I'm a graduate student of M.Eng. in Robotics at the University of Maryland, College Park. I am interested in working on the applications of machine learning. I have experience with working on image processing algorithms, both the classical and the deep learning methods.
I am highly motivated and proactive at developing my knowledge and in advancing my experience. Over the past year, I have dived my expertise in the pool of ML and AI. Since I find these concepts extremely inquisitive, most of my course work is related to this field. I cannot put into words how excited I am about the application of robotics in various areas and how it can improve the world around us.
When I'm not in front of a computer screen dipped into robotics, I'm probably traveling, cooking, or playing sports.
SFM is about reconstructing a whole 3D scene and simultaneously obtaining camera poses from a set of images taken by a monocular camera at different locations and positions of a scene. The problem here is often referred to as Structure from Motion (SFM).
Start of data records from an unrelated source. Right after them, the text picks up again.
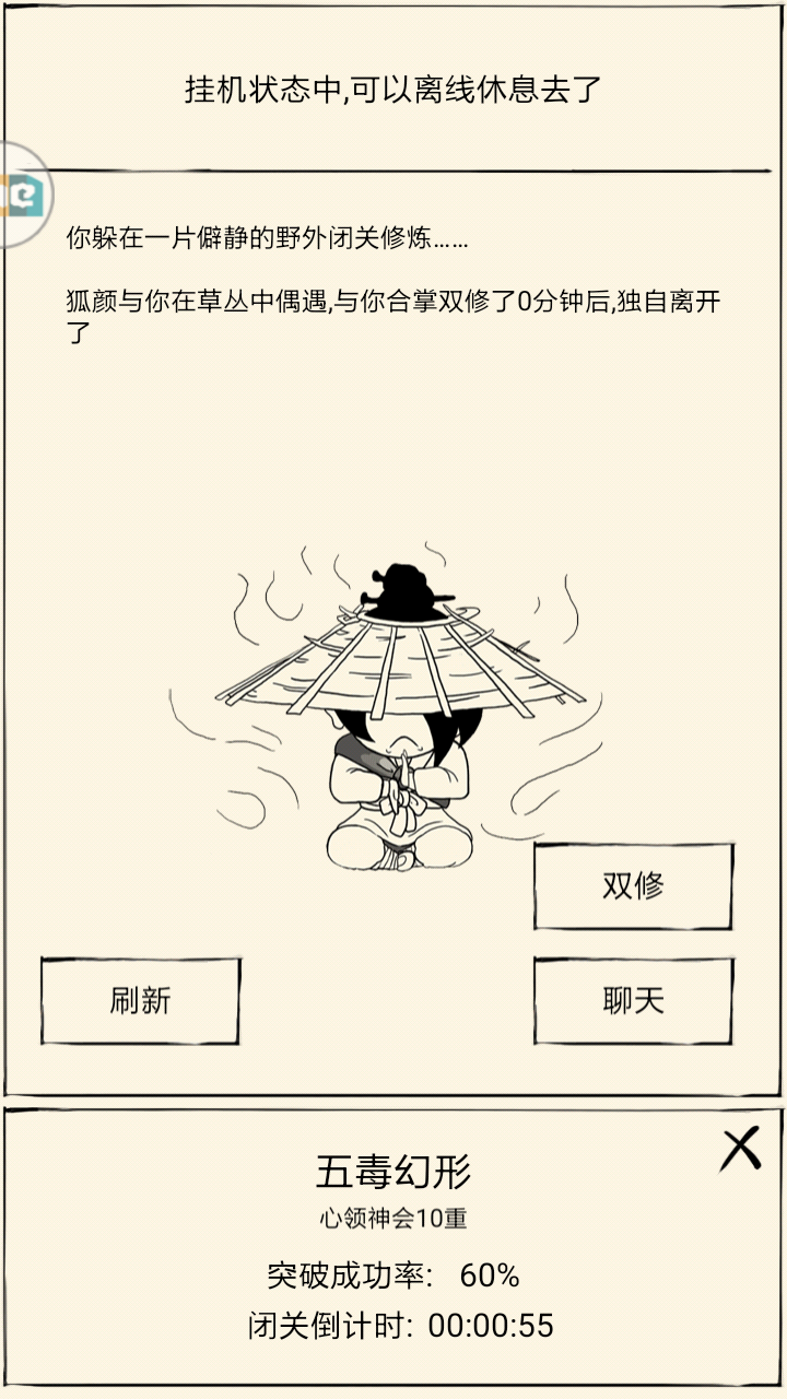 这一天,你兴高采烈地准备突破青一,进入萌新底层,下午找好双修伴侣后,晚上一看,
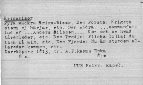 //// Pyra^acfra Kriss-Wigerf Der Första. Krigets storm ej härjar,, etc. Den Andra .^sammanfattad af ...Anders Uilsson,..» Kom och se hwad taref 1 od er, etc Den Tredje; Flicka lilla! du tänk mii?:, etc. Den Fjerde; Nu är sturden allaredan kommen, etc, Norrköping 1?13, tr, A.F.Raams Enka P s. 8; o //// UUB FclkT, kapsi. ////
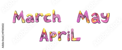 Multicolor Watercolor set lettering March, May and April month with blot on white background. Spring pink and yellow color
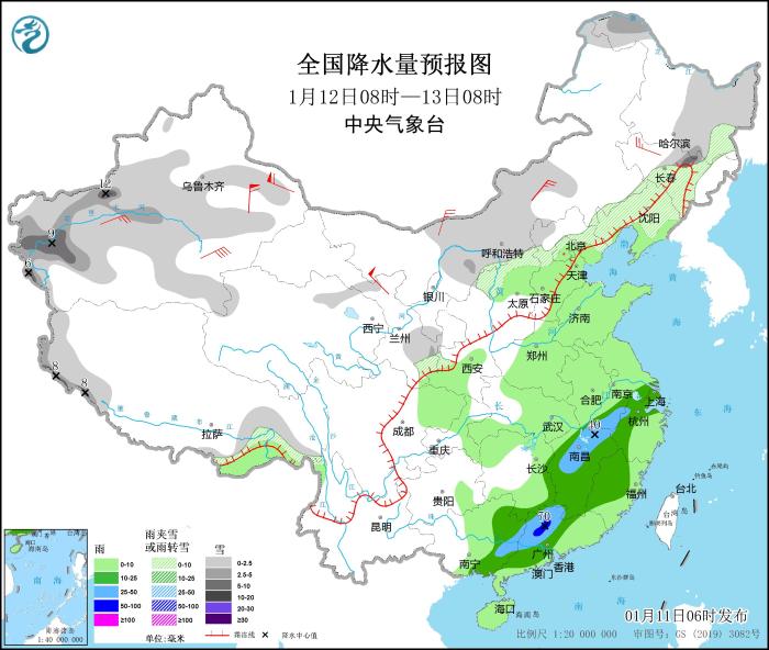 圖3 全國降水量預報圖(1月11日08時-12日08時)

An unsupervised learning approach for predicting the monocular depth and ego-motion from the video sequences. I improved the end-to-end learning approach presented in SfMLearner. In contrast to the original SfMLearner, our training data was limited to a subset of the original KITTI dataset. I used ResNet architecture for depth estimation, with SSIM and forward-backward consistency loss, which is from GeoNet. The evaluations and comparison showed the effectiveness of my approach, which improved the abs_rel depth metric of SfMLearner by 18%.
An end-to-end pipeline of swapping two faces in a video, by using both classical (Dlib library) and deep-learning (PRNet) methods for getting facial fiducials. The Face Swap in two scenarios is shown, first between two faces in the same video and in second, a face in a video with a face in from given image. The resulting videos can be viewed here.
In this project, two or more images were stitched together into one seamless panorama image. The estimation of homography between the pictures performed in both classical (Harris corners, RANSAC) and deep-learning methods (HomographyNet). The deep-learning approach had both supervised (HomographyNet) and unsupervised methods. Although, the deep-learning techniques were able to provide satisfactory results on the synthetic data but not between two images to be stitched. Hence, I performed the stitching of images using the classical approach.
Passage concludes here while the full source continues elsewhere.